Information given:
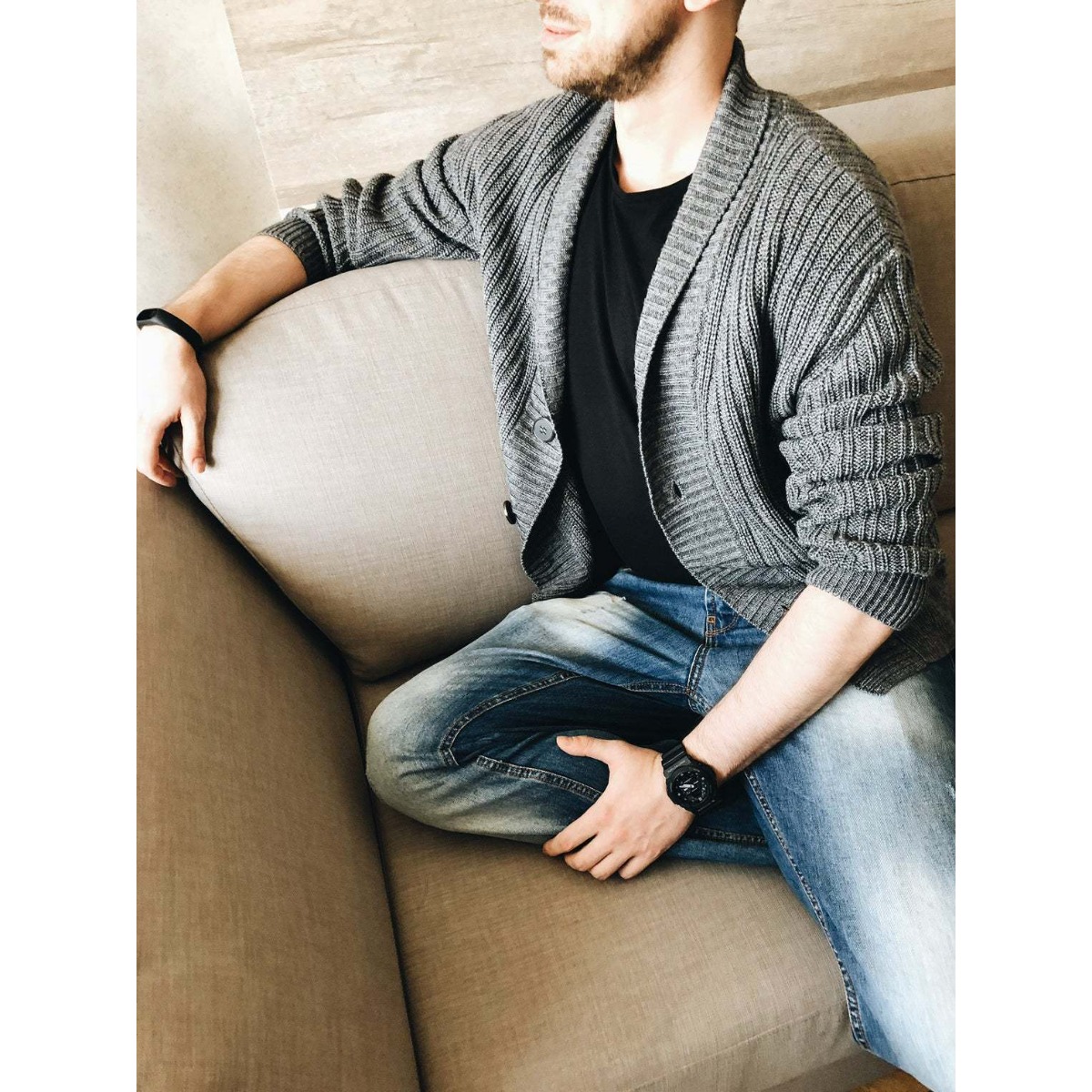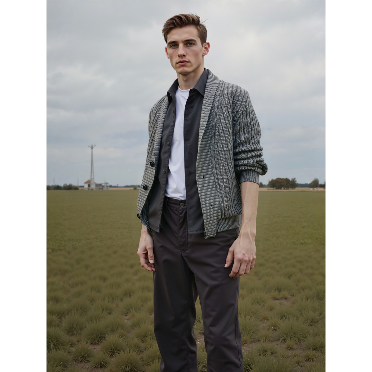 Men'S Oversized Two-Tone Knit Cardigan Sweater - V-Neck Button-Front Closure, Cozy Winter Pullover with Chest Pocket, Slim-Fit Casual Sweater for Coffee Dates & Weekend Outings, Y2K Retro Layered Outfits (Autumn/Winter) - Solid Color Block Design
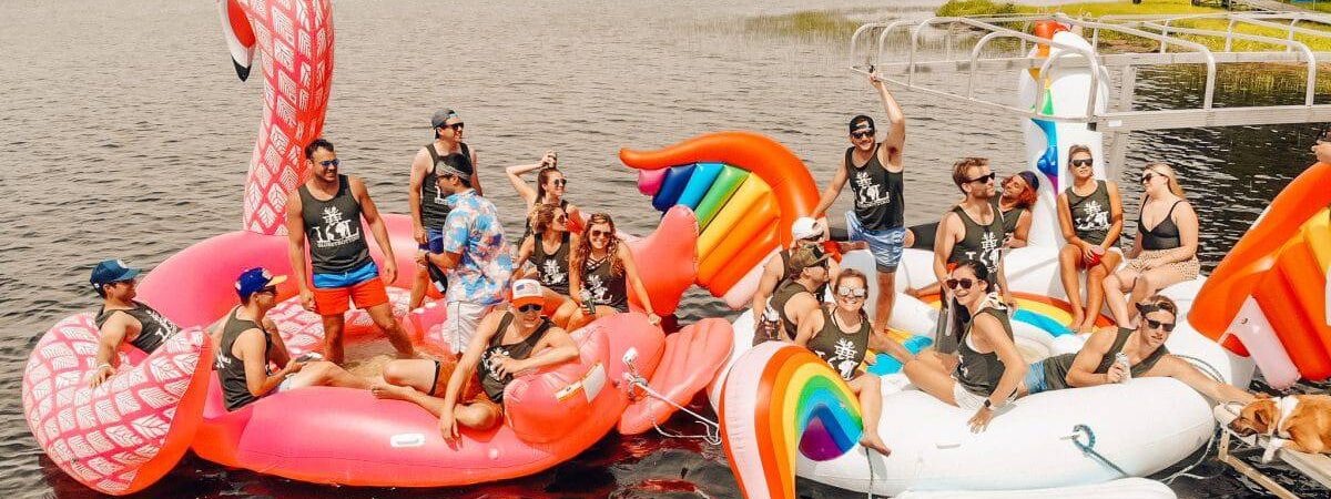 Our personal favorite water activity is tubing behind a boat. No, no, no, I’m not talking about some mundane boat pulling a round disk with one person behind it going 20 miles per hour doing soft S-curves. If that’s you, you have my respect, but not my admiration.
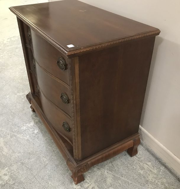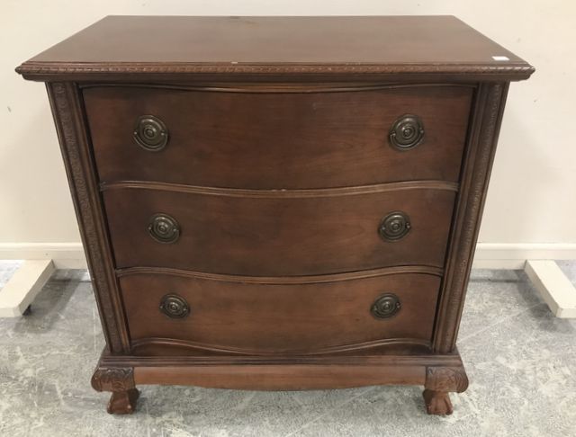 Pulaski bash cherry bow front chest, modern decor, claw foot, has worn spots on piece, 36"h., 36"w., 20"d. Pulaski bash cherry bow front chest, modern decor, claw foot, has worn spots on piece, 36"h., 36"w., 20"d.
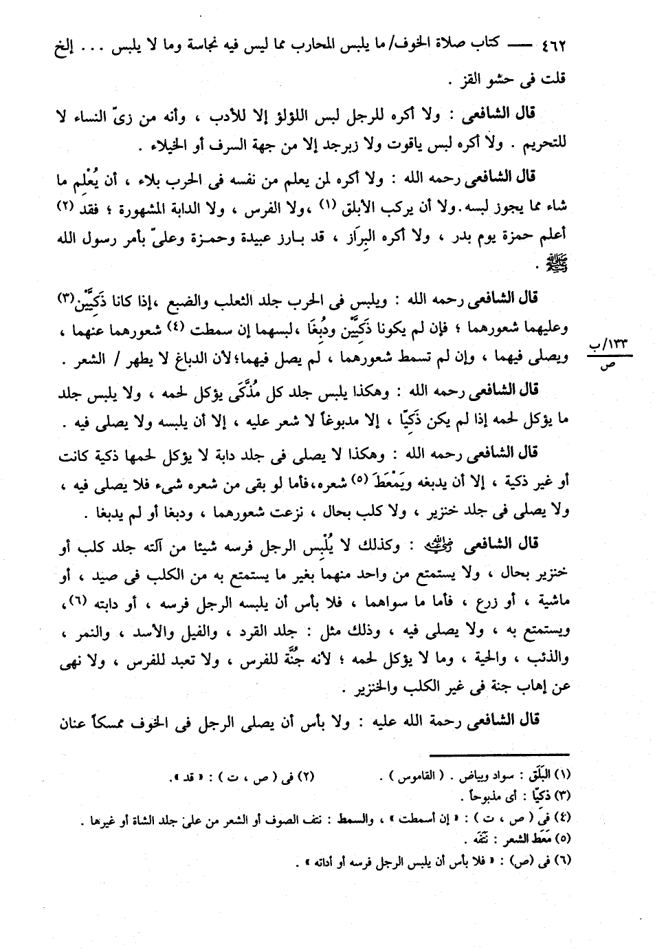 قَالَ الشَّافِعِيُّ : وَيَلْبَسُ فِي الْحَرْبِ جِلْدَ الثَّعْلَبِ , وَالضَّبُعِ إذَا كَانَا ذَكِيَّيْنِ وَعَلَيْهِمَا شُعُورُهُمَا فَإِنْ لَمْ يَكُونَا ذَكِيَّيْنِ , وَدُبِغَا لَبِسَهُمَا إنْ سُمِطَتْ شُعُورُهُمَا عَنْهُمَا , وَيُصَلِّي فِيهِمَا , وَإِنْ لَمْ نَسْمُطْ شُعُورَهُمَا لَمْ يُصَلِّ فِيهِمَا لِأَنَّ الدَّبَّاغَ لاَ يُطَهِّرُ الشَّعْرَ
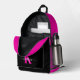 Ce sac à dos noir simple et élégant avec votre prénom dans une police de script tendance en blanc et votre première initiale dans une police casquette moderne en rose chaud est parfait pour vous. C'est design, tendance et pourtant très classique. Il sera fabuleux pour l'école, la salle de sport, les sorties, les randonnées, le shopping, le vélo, etc.
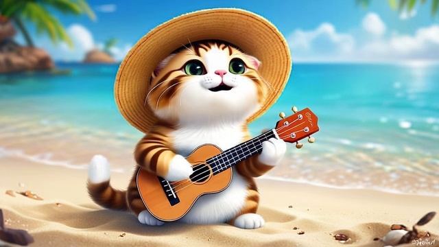 Милый кот в соломенной шляпе играет на маленькой укулеле на фоне пляжа, аниме стиль
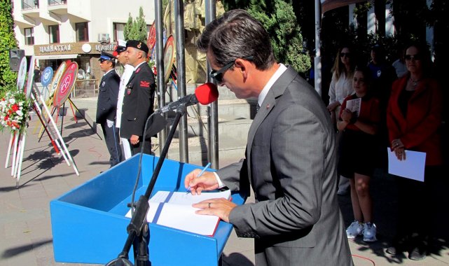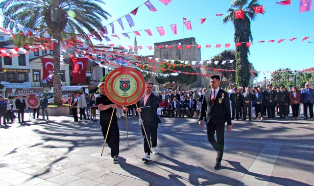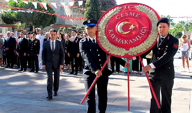Cumhuriyet Meydanı'nda düzenlenen törene; Çeşme Kaymakamı Mehmet Maraşlı, Garnizon Komutanı İstihkâm Albay Erol Dağdeviren, Belediye Başkanı Lâl Denizli, Cumhuriyet Başsavcı Vekili Şahin Şevli, resmi kurum amirleri, siyasi parti ve sivil toplum kuruluşu temsilcileri, mahalle muhtarları, gaziler ve çok sayıda vatandaş katıldı. Sunuculuğunu Deniz Önol'un yaptığı törende; Çeşme Kaymakamlığı, Çeşme Belediyesi, siyasi partiler ve STK'lar Atatürk Anıtı'na çelenk sundu. Ardından saygı duruşunda bulunuldu ve İstiklal Marşı okundu. Kaymakam Maraşlı, Şeref Defteri'ni imzaladı.
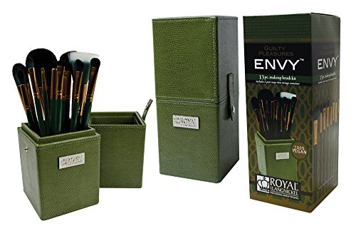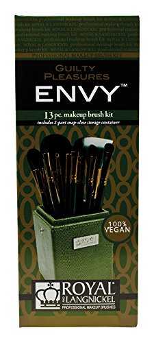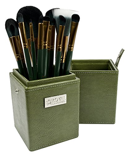12 Standard Size Brushes and 1 Snap-Closed box. Includes following brushes: Powder, Stippler, Foundation, Contour, Concealer, Angle Shader, Crease, Smudger, Line and Smudge, Flat Smudger, Angle Brow.
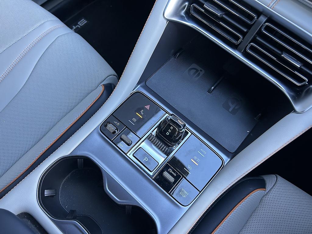 A large 15.6" rotating touchscreen with wireless Apple CarPlay and Android Auto, plus wireless charging.
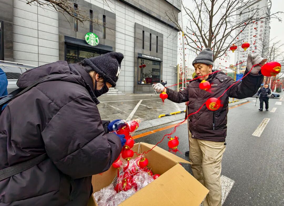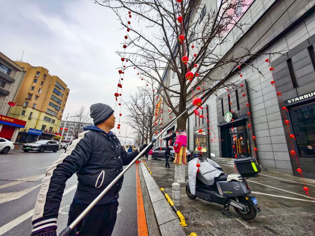 寒风中,红彤彤的灯笼经工作人员之手,依次“绽放”在银杏枝头,将冬日的萧瑟驱散,把新春的暖意传递。
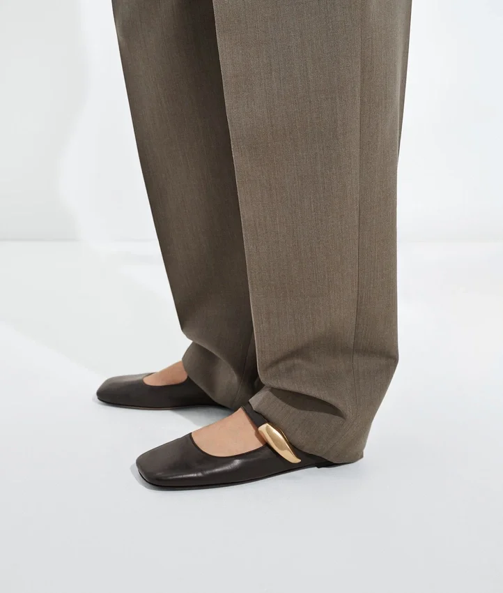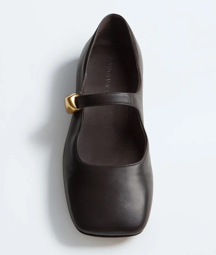 Descripción larga compactada:Bailarina Mary Jane con puntera cuadrada en piel napa, con un detalle escultural inspirado en Prisma en la correa.
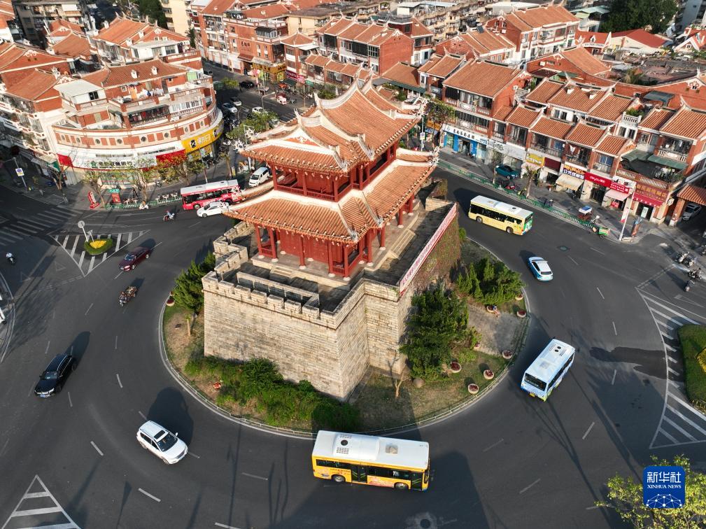 泉州朝天门(无人机照片,11月7日摄)。朝天门为泉州古代七城门之一,城楼为歇山式单檐木结构建筑,气势宏伟,周围建筑古色古香。
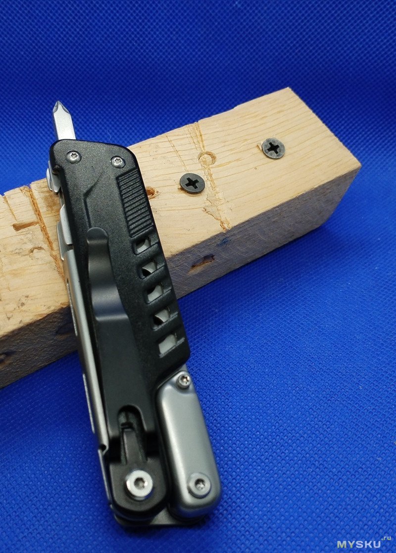 Для меня плоскогубцы, нож и крест со шлицом отвертка вообще не нужны. Все это у меня на брелке с ключами массой 34 грамма. Не обременяют карман. А вот ножницы — это ради чего и купил этот мултитул.
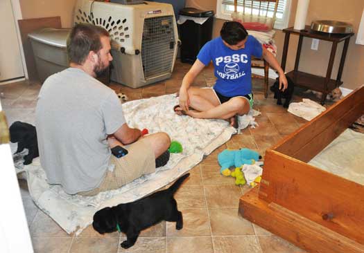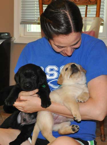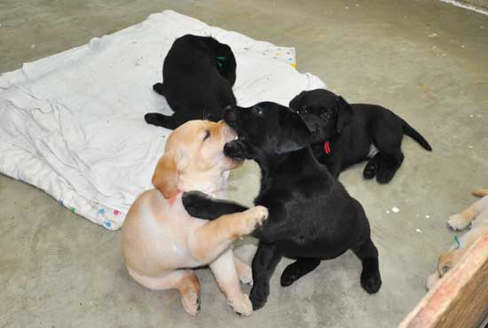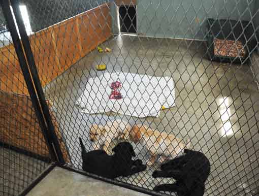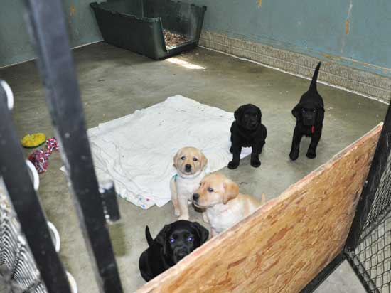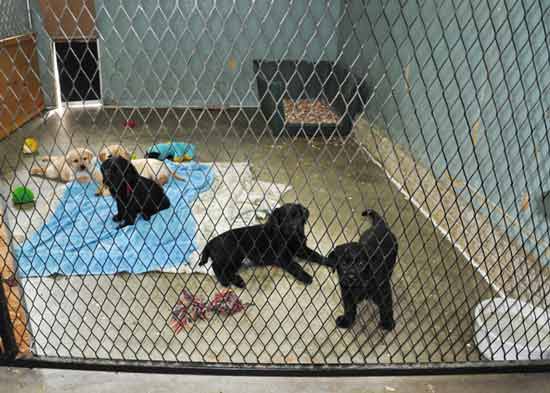 By 5.5 weeks, puppies have moved to their indoor/outdoor kennel run ...
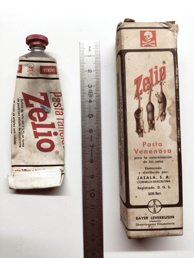 El tiempo no corre, sino vuela. En 2014 dediqué una entrada al raticida Zelio de Bayer [1]. Y ya estamos en enero de 2020. Entonces escribí sobre Zelio a partir de una búsqueda documental. Me interesaba este producto porque es el único, según creo, que fue comercializado a base de sulfato de talio (Tl2SO4). Otra cosa es que en la época se dispensara sulfato de talio en una droguería para fabricación propia de cebos raticidas. Como explicaba en aquella entrada, a principios de la década de 1920 Bayer patentó el uso de compuestos de talio contra múridos. Y al poco, comercializó el raticida Zelio, el cual tuvo una amplia difusión. Se vendió prácticamente en toda Europa y en América. En España se vendió como muy tarde desde 1927, según un anuncio que encontré [2]. Zelio fue formulado en pasta para ratas y en grano para ratones.
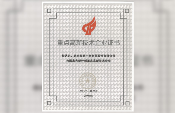 公司被認(rèn)定為國家火炬計(jì)劃重點(diǎn)高新技術(shù)企業(yè)。
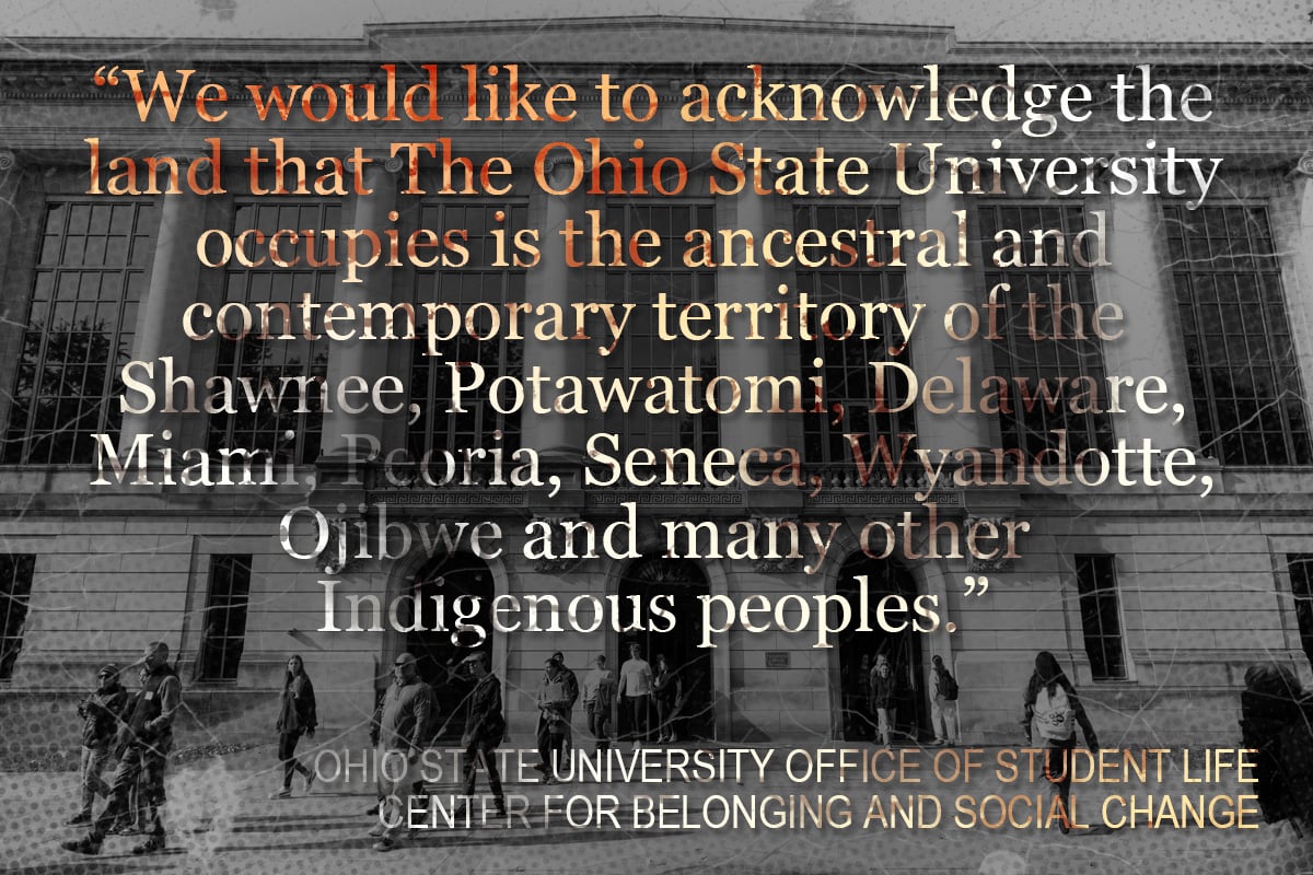 Ohio State never issued a land acknowledgment on behalf of the entire university, according to Johnson. But over the past several years a number of schools, departments and faculty members created their own. For example, the university’s Center for Belonging and Social Change, which was shuttered in April in compliance with SB 1, stated on its website, “We would like to acknowledge the land that The Ohio State University occupies is the ancestral and contemporary territory of the Shawnee, Potawatomi, Delaware, Miami, Peoria, Seneca, Wyandotte, Ojibwe and many other Indigenous peoples. Specifically, the university resides on land ceded in the 1795 Treaty of Greeneville and the forced removal of tribes through the Indian Removal Act of 1830. As a land grant institution, we want to honor the resiliency of these tribal nations and recognize the historical contexts that has and continues to affect the Indigenous peoples of this land.”
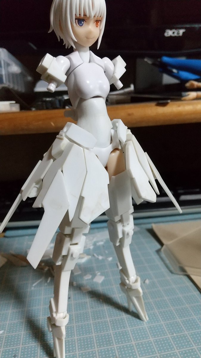 プラ板で作った足が少し盛れてきた しかし気が向いた時にプラ板工作してるとはいえとんでもない牛歩だ #メガミデバイス
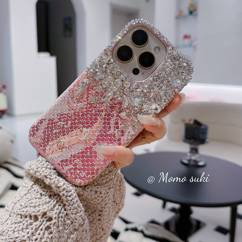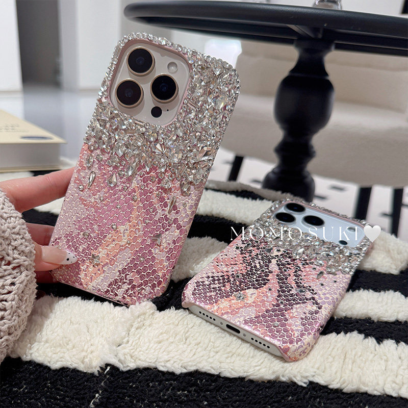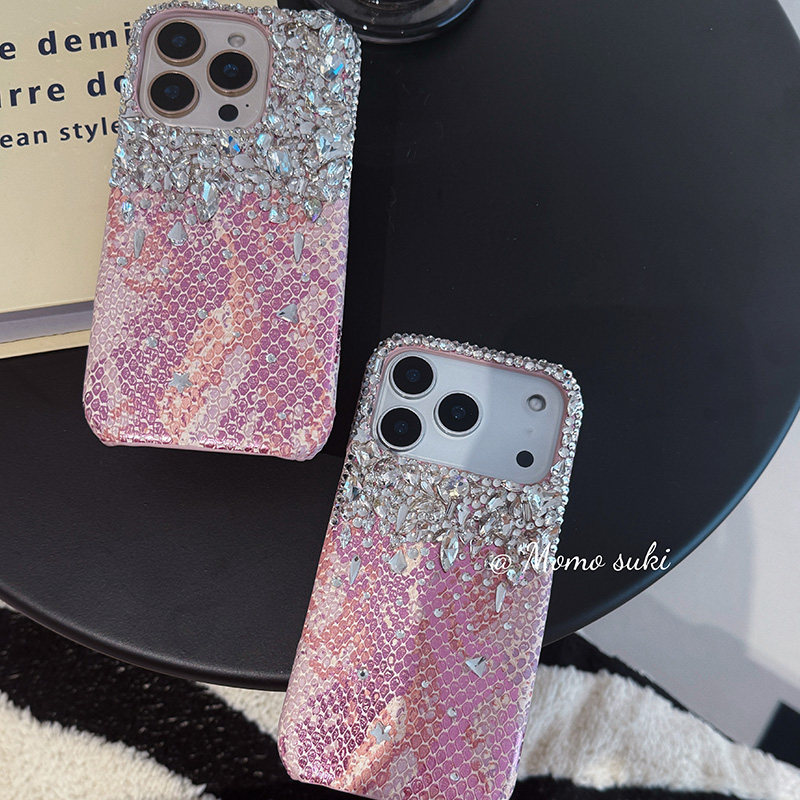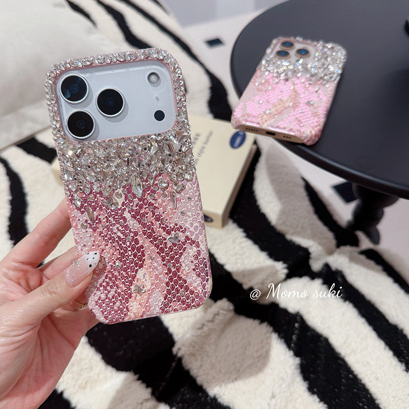 新款爆闪17Promax轻奢粉皮纹手机壳16Pro高级立体水钻保护套15/14

Assigned task: Starting at the first line of the entries, restate word for word everything through the line that holds "Милый кот в", both ends included, but omit any pictures.

Result for this task:
 Men'S Oversized Two-Tone Knit Cardigan Sweater - V-Neck Button-Front Closure, Cozy Winter Pullover with Chest Pocket, Slim-Fit Casual Sweater for Coffee Dates & Weekend Outings, Y2K Retro Layered Outfits (Autumn/Winter) - Solid Color Block Design
 Our personal favorite water activity is tubing behind a boat. No, no, no, I’m not talking about some mundane boat pulling a round disk with one person behind it going 20 miles per hour doing soft S-curves. If that’s you, you have my respect, but not my admiration.
 Pulaski bash cherry bow front chest, modern decor, claw foot, has worn spots on piece, 36"h., 36"w., 20"d. Pulaski bash cherry bow front chest, modern decor, claw foot, has worn spots on piece, 36"h., 36"w., 20"d.
 قَالَ الشَّافِعِيُّ : وَيَلْبَسُ فِي الْحَرْبِ جِلْدَ الثَّعْلَبِ , وَالضَّبُعِ إذَا كَانَا ذَكِيَّيْنِ وَعَلَيْهِمَا شُعُورُهُمَا فَإِنْ لَمْ يَكُونَا ذَكِيَّيْنِ , وَدُبِغَا لَبِسَهُمَا إنْ سُمِطَتْ شُعُورُهُمَا عَنْهُمَا , وَيُصَلِّي فِيهِمَا , وَإِنْ لَمْ نَسْمُطْ شُعُورَهُمَا لَمْ يُصَلِّ فِيهِمَا لِأَنَّ الدَّبَّاغَ لاَ يُطَهِّرُ الشَّعْرَ
 Ce sac à dos noir simple et élégant avec votre prénom dans une police de script tendance en blanc et votre première initiale dans une police casquette moderne en rose chaud est parfait pour vous. C'est design, tendance et pourtant très classique. Il sera fabuleux pour l'école, la salle de sport, les sorties, les randonnées, le shopping, le vélo, etc.
 Милый кот в соломенной шляпе играет на маленькой укулеле на фоне пляжа, аниме стиль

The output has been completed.